ADは多くの要因により引き起こされますが、最も基本的なものは加齢であり、国ごとの人口当たりの認知症患者数は、高齢化の進展度と相関しています。2017年のOECD(経済協力開発機構)*2の報告によると、超高齢化社会*3である日本のADの有病率(病気を持っている人の割合)は、先進国35ヵ国中2.33%で最も高い数値を示しており、人口1,000人当たりのAD患者数はOECD平均で14.7人に対して、日本はOECD諸国で最多の23.3人です(図1)。2037年にはOECD平均で17.3人、日本は38.4人に増えると予測されており、出来るだけ早く、病態の理解に基づいた根治療法を確立する必要があります。対照的に、ADの有病率が世界で最も低い集団は、南米ボリビアのアマゾン支流に暮らす二つの先住民族ではないかとする研究結果が報告されています(図1)。米南カリフォルニア大学のMargaret Gatz博士らは、採集狩猟生活を主体とする南米ボリビアのアマゾンに住むチマネ族、及び、モテセン族の研究で、これらの民族のADに関するコホート研究を行い、その結果、認知症と判定されたのは、チマネ族では435人中5人〔粗有病率1.2%(95%信頼区間0.4~2.7)〕、モセテン族では169人中1人〔同0.6%(0.0~3.2)〕でした。チマネ族の平均寿命は70歳と言われており、他の多くの先進国より低いので、これらの差が、平均寿命の差によるものなのか、生活習慣など他の原因に由来するのか検討する事により、ADを予防する手段に関する新たな洞察が得られるかもしれません。今回は、Alzheimer's & Dementia誌に掲載されています論文(文献1)を紹介致します。
文献1.
Prevalence of dementia and mild cognitive impairment in indigenous Bolivian forager-horticulturalists
Margaret Gatz et al., Alzheimers Dement 2023 Jan;19(1):44-55.
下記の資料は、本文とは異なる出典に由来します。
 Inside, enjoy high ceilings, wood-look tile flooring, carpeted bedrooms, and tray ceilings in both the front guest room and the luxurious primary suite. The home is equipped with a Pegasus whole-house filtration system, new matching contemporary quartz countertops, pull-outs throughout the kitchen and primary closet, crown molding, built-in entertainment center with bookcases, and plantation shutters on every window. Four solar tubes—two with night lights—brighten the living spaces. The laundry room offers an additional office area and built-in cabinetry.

チマネ族とモセテン族は、今も自給自足で暮らしているアマゾン流域の先住民族であり、これらの先住民族を研究することにより、疾患の進化的な視点から新たな洞察が得られるかも知れない。この論文においては、現代の老年病の主要な疾患の一つであるADの進化的な理解を深めることを目的として、これらの民族におけるADとMCIの有病率を検討した。
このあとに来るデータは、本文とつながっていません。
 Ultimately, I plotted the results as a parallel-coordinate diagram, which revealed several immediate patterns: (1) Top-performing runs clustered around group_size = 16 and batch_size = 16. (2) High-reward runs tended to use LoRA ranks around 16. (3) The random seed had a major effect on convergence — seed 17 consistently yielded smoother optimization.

これらの先住民族のうち60歳以上の高齢者(n=623)に対して、トレーニングを受けたボリビアの医師と通訳らのチームが、ミニメンタルステート検査(MMSE)*4や文化に関するインタビューなどによって認知機能を評価した。また、頭部CT (computed tomography)を用いた画像検査も行った。
今回の研究は、先住民族(チマネ族、モセテン族)の認知症有病率の低さを示す結果となった。この結果は, 先住民族を研究することを通じて、ADという疾患の理解が深まり、ADを予防する手段に関する新たな洞察が得られる可能性がある。